Sesli Analiz ekibinden İslam Başaran kardeşimiz, Yazar Yakup DÖĞER ile birlikte modernizmin kavramlar üzerindeki tahrifi ve tepkisi üzerine bir röportaj gerçekleştirdi. Röportajın başlıca konusu Modernizm… Yakup Döğer’e yöneltilen sorular ise şu şekilde;
- Kavram deyince ne anlıyoruz?
- Kavramların insan hayatındaki önemi nedir?
- Kavram tahrifi ne demektir?
- Kavramların tahrifine giden tarihsel sürece değinecek olursak, neler söylenebilir?
- İblis’in yaratılışın bidayetinde, kendini Adem’den üstün görmesi (üstünlük kavramı), ateşin topraktan üstün olduğunu ileri sürmesi; secde emrine karşı diretmesi gibi tutumuyla modernizmin İslam’ın temel kavramlarına olan itirazı arasında bir bağıntı görülebilir mi?
- Din’e ait ne kadar kelime-kavram varsa, her fırsatta olabildiğince küçümsenip, değersizleştirilmesi; liberal demokrasi felsefesine uygun bütün sözcüklerin ise eş oranda büyütülüp tazim edilmesini nasıl okumak gerekir?
İslami kesimin mesela ahlak yerine etik terimini harcı alem kullanması bu kesimin sosyal psikolojisine dair bir fikir verebilir mi? - İlerleme kavramı siyasetten sosyolojiye, evrimden iktisada kadar her alanda bir şekilde kullanılmaktadır. İslami düşünce bu kavramı nasıl karşılamalıdır; benimsemeli mi, alternatifini mi keşfetmeli, yoksa ret mi etmelidir?
Faydalı olması duası ile bu değerli söyleşiyi siz değerli Venhar okurlarının ilgisine sunuyoruz.

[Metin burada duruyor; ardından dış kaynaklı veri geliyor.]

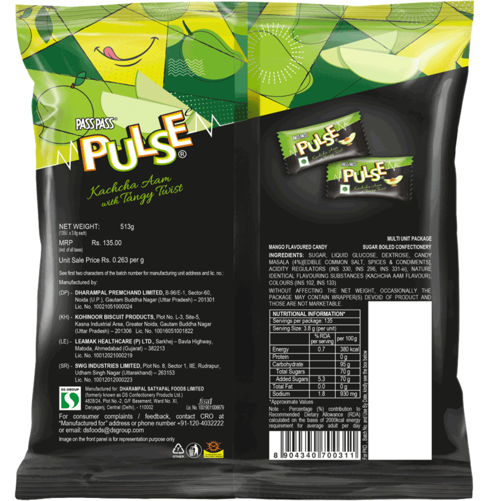 To satiate your Kachcha Aam (raw mango) cravings, we’ve got you covered with our hard boiled candy - Pulse Kachcha Aam. This candy brings alive the taste of raw mango filled with a secret masala. The masaledaar twist to Kachcha Aam makes it irresistibly tangy and flavourful. Grab your pack now and we assure you that this tangy toffee will never be enough for you. Pass Pass Pulse, the candy from DS Group was launched in 2015. Pulse is available in different flavours - Kachcha Aam, Guava, Orange, Pineapple & Litchi. Each flavor has the burst of tanginess, a mouth full of fun and peculiarity that is alluring. This irresistible fervour for Pulse candy is extended to the brand communication, with a tag line of ‘Pran Jaaye Par Pulse Na Jaaye’. The unique and innovative combination of tastes has made Pulse stand out and become a nationwide favourite.

İslami kavramların tahrifinde son yüz elli yıllık süreçten bahsedilse de, gerçekte bu tahrifat asırlar öncesine dayanır.
Bunda da ön plana çıkan tasavvuf ve rivayet kültürüdür. Yani İslam’ın tevhid, adalet, gayb ve şefaat gibi kavramları bu iki kültürün sayesinde modernleşme dönemine gelmeden önce tahrifata uğratılmıştı.
Tanzimat’la beraber Müslüman isimli birçok insanın Batılı kavramların istilasına maruz kalmaları, geleneğin bu büyük tahrifatı üzerinden olmuştur.
Yani geleneksel hurafelerle tahrif olmuş Müslüman aydınların çoğu, zihinsel açıdan Batılı kavramlarla karşılaştıkları zaman, onlara Kur’andan yola çıkarak cevap verebilecek durumda değillerdi.
Çünkü zaten inandıklarını iddia ettikleri din, vahye dayalı bir din değil, tasavvuf ve rivayet kaynaklı muharref bir dindi!